19 years after NATO bombed Serbia, most Serbs won’t take apology from alliance – poll
A majority of Serbs today would not accept an apology from NATO for its 1999 military intervention in Kosovo. Only 10 percent would wish to see their country become a member the trans-Atlantic defense bloc, recent poll shows.
The continued animosity towards NATO in Serbia was highlighted by an opinion poll conducted by the Belgrade-based Institute for European Affairs in mid-March. According to the poll, only 10 percent of Serbs support membership of the military bloc while 84 percent oppose it. The mood is particularly strong in the Serbian capital, where the level of support for NATO membership is 5.8 percent, and among young people aged 18 to 25 (7.7 percent). Only 18 percent believe that becoming an ally would be beneficial for Serbia.
Former Serb leader Slobodan Milosevic and his policies are perceived as the main reason for the bombings by 17.4 percent of Serbs. The second-most mentioned reason was that the US and Western powers were simply pursuing their interests. It was cited by 15.2 percent of respondents. Other popular explanations included a goal to push ethnic Serbs out of Kosovo (12.6 percent) and to remove Kosovo from Serbia (10.5 percent)

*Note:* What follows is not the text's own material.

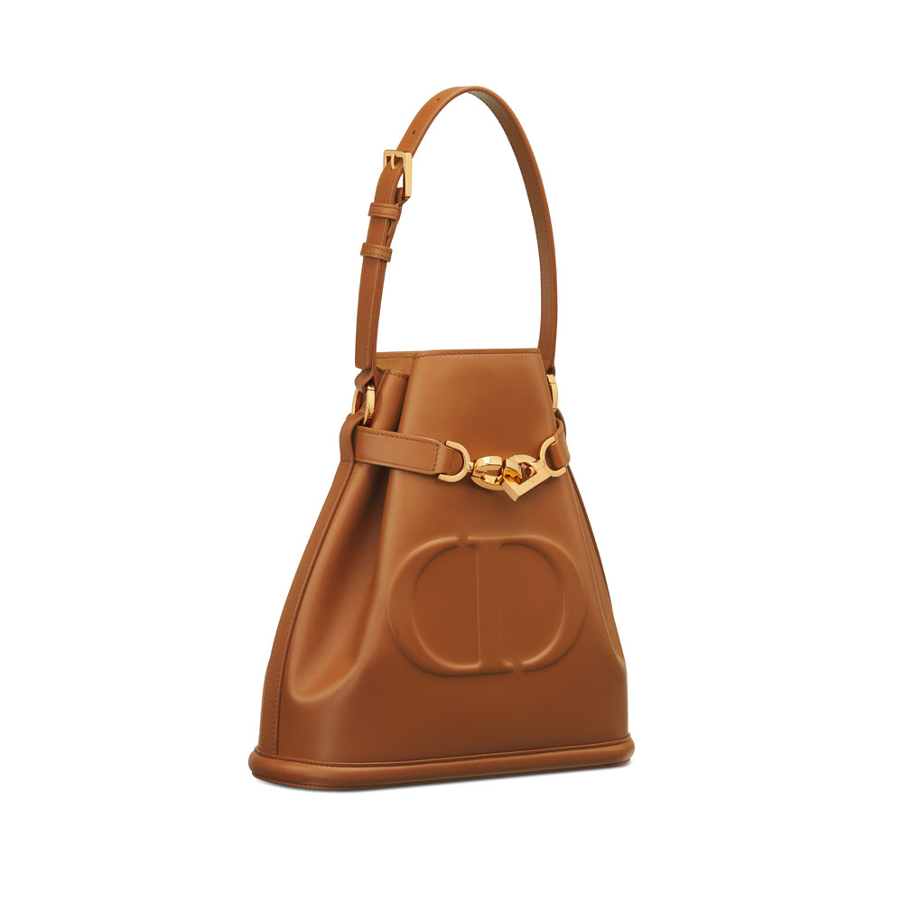 The C'est Dior bag embodies classic sophistication through refined design. Crafted from golden saddle leather, its iconic front features an embossed CD emblem, highlighting artisanal craftsmanship. Equipped with a twisted letter D clasp, this medium-sized bucket bag securely stores essentials. A detachable chain strap with leather padding offers versatile carrying - grip the ergonomic top handle or wear it across the shoulder. Key features include: -Adjustable shoulder strap with protective leather layer -Removable chain accessory for style variation -Security-focused clasp mechanism -Luxurious calfskin exterior with supple lining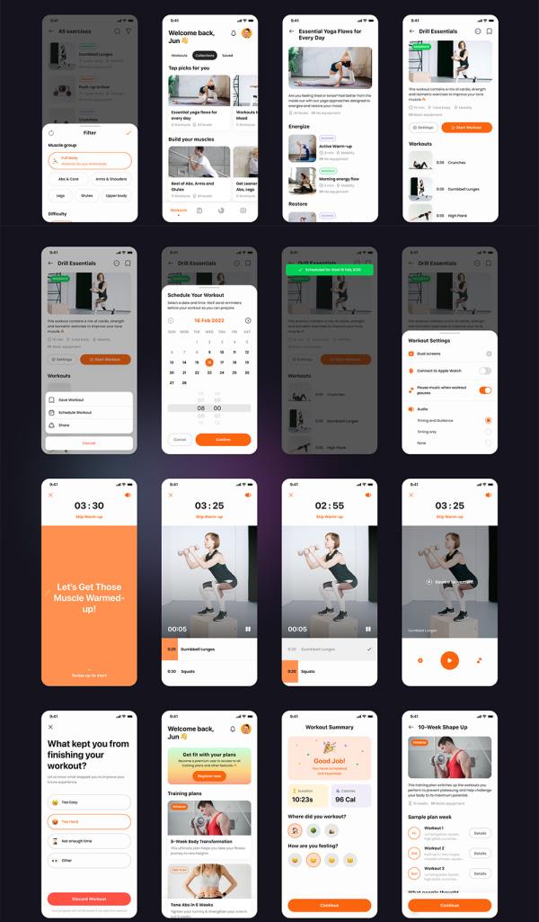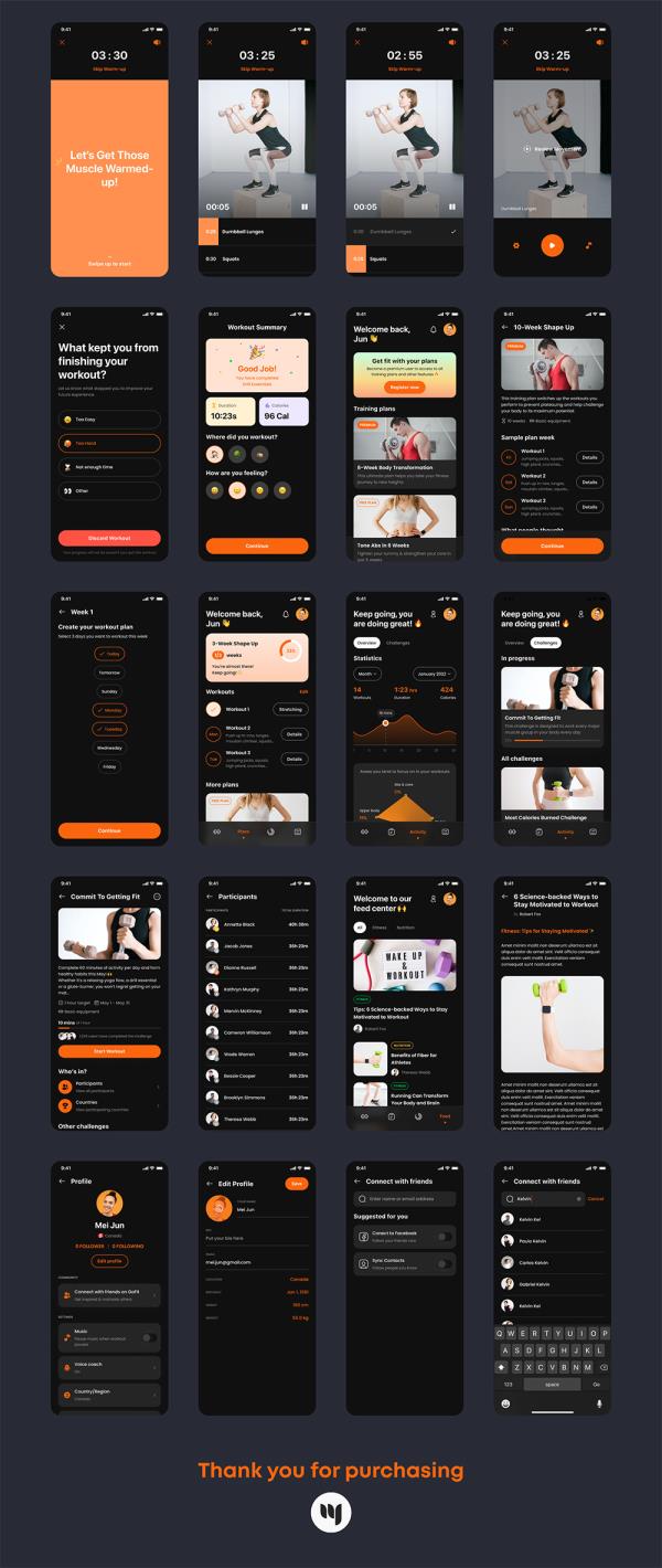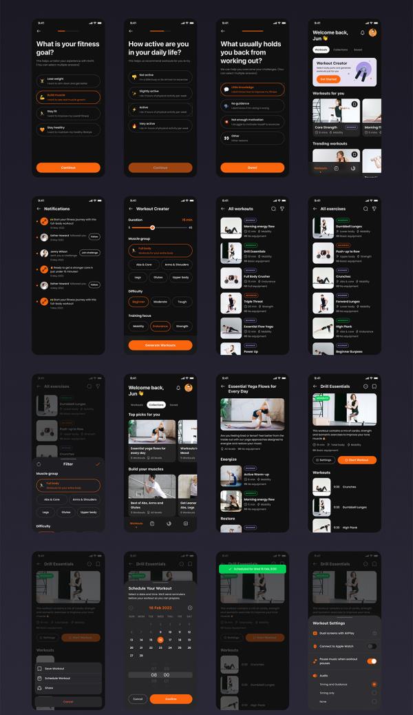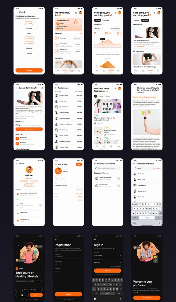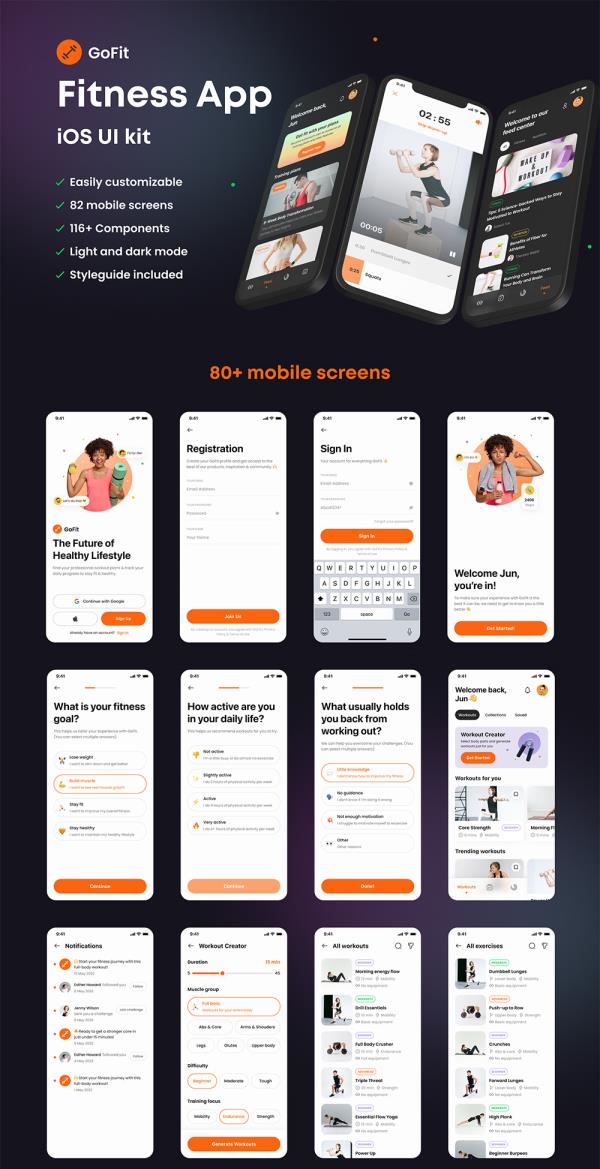 80页明暗模式GoFit -健身应用iOS UI工具包figma源文件

If NATO were to offer Serbs an apology for the bombings, 62 percent of them would not accept it according to the poll. The defiant attitude is most prominent among Belgrade residents (65.9 percent) and people aged 30-44 (67.3 percent), who were teens or young adults during the bombing campaign. A majority of 66 percent said NATO bombings of Yugoslavia could have been avoided.
NATO justified its intervention in Kosovo by accusing the Milosevic government of ethnically cleansing the province. The bombings lasted 78 days and officially claimed at least 758 civilian lives, though Serbian sources say the true figure may be double that. The violence in Kosovo followed decades of inter-ethnic alienation and tension in the province. The loss of the province was a great symbolic blow to Serbs, who historically consider the land essential to their statehood and of great spiritual significance.